Pudong New Area's GDP reached 965.1 billion yuan ($139.36 billion) last year - up from 6 billion yuan in 1990 - while its per capita disposable income was 60,715 yuan, higher than Shanghai's average of 58,988 yuan.

Weng Zuliang, the district's Party secretary, said the rapid development from boondocks to boomtown can be divided into three stages.

The initial stage, he said, ran from 1990 to 2000, when Pudong witnessed many firsts: the first finance and trading zone, the first export processing zone, the first bonded area, the first foreign-funded bank, and the first foreign-invested insurance company.

Jin Liwang, a photographer who lived in Shanghai between 1996 and 2006, recalled that most of the high-rises that now fill Pudong's skyline did not exist when he first arrived at Shanghai's Shiliupu Wharf.

"When I was accepted as an undergraduate student at Fudan University, 22 years ago, I had to take an overnight boat to Shanghai from Ningbo, Zhejiang province," he said, adding that in the early 2000s, the city's busy deep-water Yangshan Port was still just a shoal for fishermen.

The former mud flat now boasts the world's largest automated container terminal, with a designed capacity of 6.3 million twenty-foot equivalent units, or TEUs, the standard container measurement. It forms part of Shanghai Port, the world's largest container port.

Weng said the second development stage was between 2000 and 2012. During that time, Pudong seized the opportunities that arose from China's ascension to the World Trade Organization in 2001 and hosted the 2010 World Expo.

The district entered a third period of opening-up and innovation-driven development in 2013 when it launched China's first free trade zone, which aimed to build Shanghai into an international center for finance, shipping, trade and technological innovation, the Party chief said.

Since the China (Shanghai) Pilot Free Trade Zone was expanded in April 2015, the Lujiazui financial area in Pudong has seen fruitful results in opening the nation's finance sector to the world.

Jiang Tai Reinsurance Brokers was founded there in December 2015. In addition to being China's first reinsurance company, it was also the first financial institution to obtain a business license before applying for an operating permit thanks to government efforts to cut red tape.

Lujiazui is home to Shengang Securities, founded in 2016, the first stock brokerage joint venture between the mainland and Hong Kong; COSCO Shipping Captive Insurance, the country's first shipping insurance company, launched in 2017; and China's first wholly foreign-owned nonprofit vocational training institute, established in 2016 by global professional service provider PricewaterhouseCoopers.

After central regulators announced plans to further open up the financial sector early this year, Shanghai has again made early inroads.

In late March, the city unveiled yuan-denominated crude oil futures contracts, the first open to overseas investors.

Willis Towers Watson, the risk management and insurance intermediary headquartered in London, also won approval on April 27 to expand its scope in Shanghai, meaning it can now carry out the same business as domestic insurers. It was the first company to benefit from the relaxation in policies governing foreign insurance firms.

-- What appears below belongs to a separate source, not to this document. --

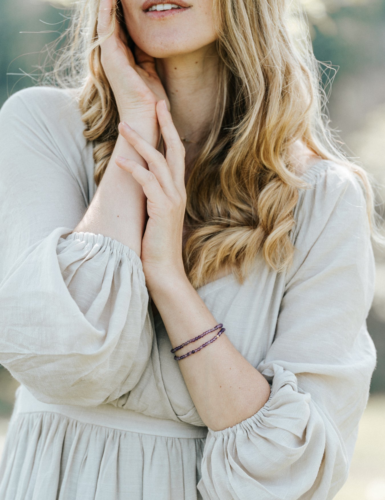 Am besten bewahrst du sie trocken, einzeln und lichtgeschützt auf – z. B. in einem kleinen Schmuckbeutel oder einer Box. Um dein Armband von Verschmutzungen zu reinigen, kannst du es unter lauwarmen Wasser abspülen und anschließend mit einem weichen Tuch trocknen. Zur energetischen Reinigung kannst du die Kristalle im Mond- oder Sonnenlicht aufladen oder mit Räucherwerk klären. Vermeide häufigen Kontakt mit Wasser, Cremes oder Parfum, um die Materialien zu schonen.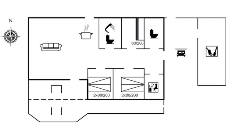 Einfamilienhaus, Baujahr 1974. 700 m vom Meer. Zur Alleinbenutzung: naturbelassenes Grundstück 2'500 m2. Aussendusche, Terrasse (32 m2). Im Hause: Sauna, Waschmaschine. Parkplatz beim Haus. Carport. Lebensmittelgeschäft 4 km. Golfplatz 700 m. Der Besitzer akzeptiert keine Jugendgruppen.

"The goal has always been to build Luijiazui into a world-class financial hub," said Guo Zhiying, deputy director of the Shanghai FTZ's Lujiazui administrative bureau.

"The innovative results at the FTZ have become an important driver for regional economic development and helped improve the core competitiveness of Lujiazui."

The next couple of years will be key for Pudong as development of the FTZ and technological center is rolled out, said Hang Yingwei, deputy head of the district government.

He added that Shanghai aims to grow its GDP at an annual rate of 8 percent and reach per capita GDP of more than $30,000 by 2021.